Author Natasha Diaz Wants Us to Know Black Jewish Stories Matter

When Natasha Díaz discovered her debut novel was excluded from a Black Jewish book list, she went to Twitter to air her frustrations that led to a conversation on multiracial Jewish literature.

Natasha’s young adult novel Color Me In features a sixteen-year-old protagonist who moves in with Black mother’s family after her parents divorce, but her White Jewish father wants to throw her a belated bat mitzvah. The change in surroundings and circumstances heightens the racial and religious intolerance, according to the publisher Penguin Random House imprint Ember, but the teenager who’s usually quiet tries to find her voice amid the noise. On her author website, she says the book is “inspired by my experiences as a white passing, multiracial woman.”

In June, Natasha tweeted she had submitted the book that was first published in 2019 to the Association of Jewish Libraries for inclusion in its list of Black Jewish literature in light of the George Floyd protests. She said the association refused to add her book to the list.

The Association of Jewish Libraries created a list that includes the YA best-seller Little & Lion by Brandy Colbert, which comes from Little, Brown & Co. Books for Young Readers about a Black girl who’s trying to deal with her White Jewish stepbrother’s mental illness. The list is the seventh installment in the association’s Love Your Neighbor series, an initiative to promote works by Jewish authors in the aftermath of the 2018 Tree of Life Synagogue mass shooting in Pittsburgh.
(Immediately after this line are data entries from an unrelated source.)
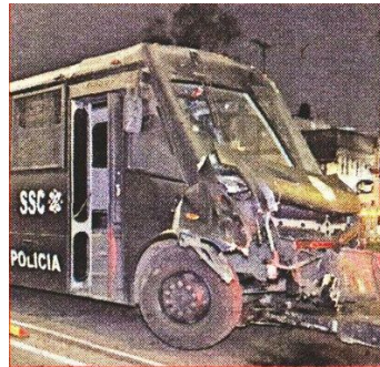
El camión costero de la SSC resultó con daños en el frente.

La dependencia explicó que se abrió una carpeta en Asuntos Internos.
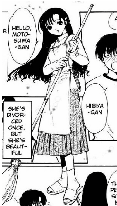
Chobits© 2001. CLAMP. Editorial Kodansha. Página 57

El personaje femenino que se presenta en esta imagen corresponde al manga dirigido a hombres “Chobits”. Aquí se muestra a una mujer en una pose que denota gran pasividad. Su vestimenta habla de una mujer que de acuerdo a los símbolos en relación a lo femenino representaría a una ama de casa con ropa cómoda y delantal, incluso en esta imagen se muestra barriendo la calle.
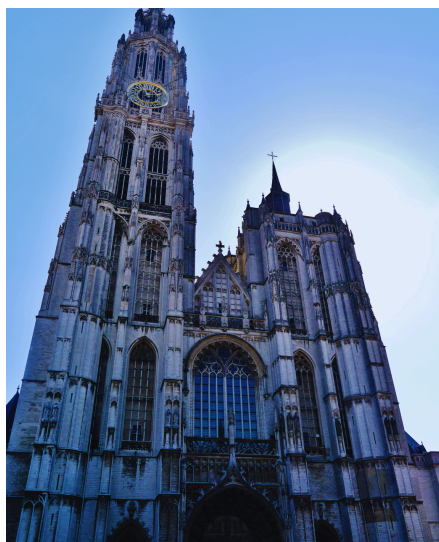
4. Cathédrale Notre-Dame
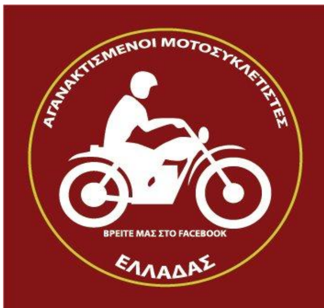
Εικόνα 24: Παράλληλα με τους «Αγανακτισμένους της πλατείας» αρχίζουν να κάνουν την εμφάνιση τους και άλλα κινήματα

μοτοπορεία, ενάντια στα αντιλαϊκά νομοσχέδια της κυβέρνησης. Η πορεία πραγματοποιήθηκε για λίγες μέρες σε Αθήνα, Θεσσαλονίκη και Λάρισα, ενώ σε ανακοινώσεις στην σελίδα της ομάδας, ενημέρωναν τους πολίτες για τη διαδρομή που θα ακολουθούσαν κάθε φορά, καθώς επίσης και για τα μέτρα
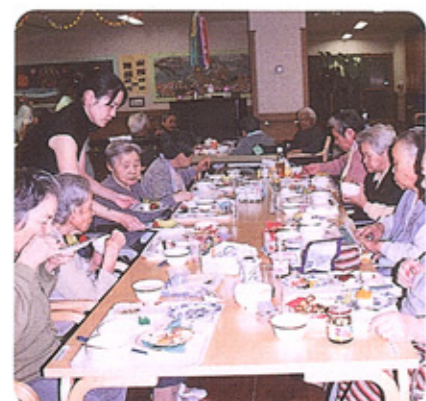
デザートケーキに舌鼓!

クリスマスディナー 夜は、クリスマスを祝う夕食会。ろうそくが灯るなか、シャンパンで

By mid-June, Natasha started a campaign asking for followers to amplify Black Jewish writers whether they were published or unpublished. Within two months, she penned the article “What It’s Like to Be a Black Jewish Writer” in Alma, a digital media outlet focused on pop culture content about Jewish women.

I never read a character who was grappling with where to fit, how to own her whole self, and also how to take accountability for white presenting privilege, in a book. Yes, it’s a lot, but it’s my life, and while I was so incredibly proud to learn my book was “a first,” I couldn’t help but also feel infinitely sad that my Black Jewish experience, which is so impacted by my proximity to whiteness, is the only one to travel through the traditional publishing channels and represent young Black Jews in children’s literature.

In the article, she has a roundtable discussion that includes Marra Gad, the author of the award-winning memoir The Color of Love: A Story of a Mixed-Race Jewish Girl from Agate Publishing, and Rachel Harrison-Gordon, the filmmaker behind Broken Bird about a Black Jewish girl preparing for her bat mitzvah. Also in August, Natasha was interviewed by the Jewish Book Council and discussed her book’s impact.

Perhaps one of the most visible Black Jewish authors is Rebecca Walker, the daughter of writing legend Alice Walker, who wrote about her multiethnic upbringing in her first memoir, Black White and Jewish: Autobiography of a Shifting Self, published by Penguin Random House in 2002. Rebecca is the author and editor of seven books, including a debut novel called Adé: A Love Story, originally published by Houghton Mifflin Harcourt Publishing Co. and Amazon Publishing Co. in 2013. A year later, pop icon Madonna was set to direct a film based on the book.

Meanwhile, Natasha continues to discover and elevate multiracial and Black Jewish writers on social media who still battle deep-rooted hatred from within the White Jewish community and antisemitism outside the community.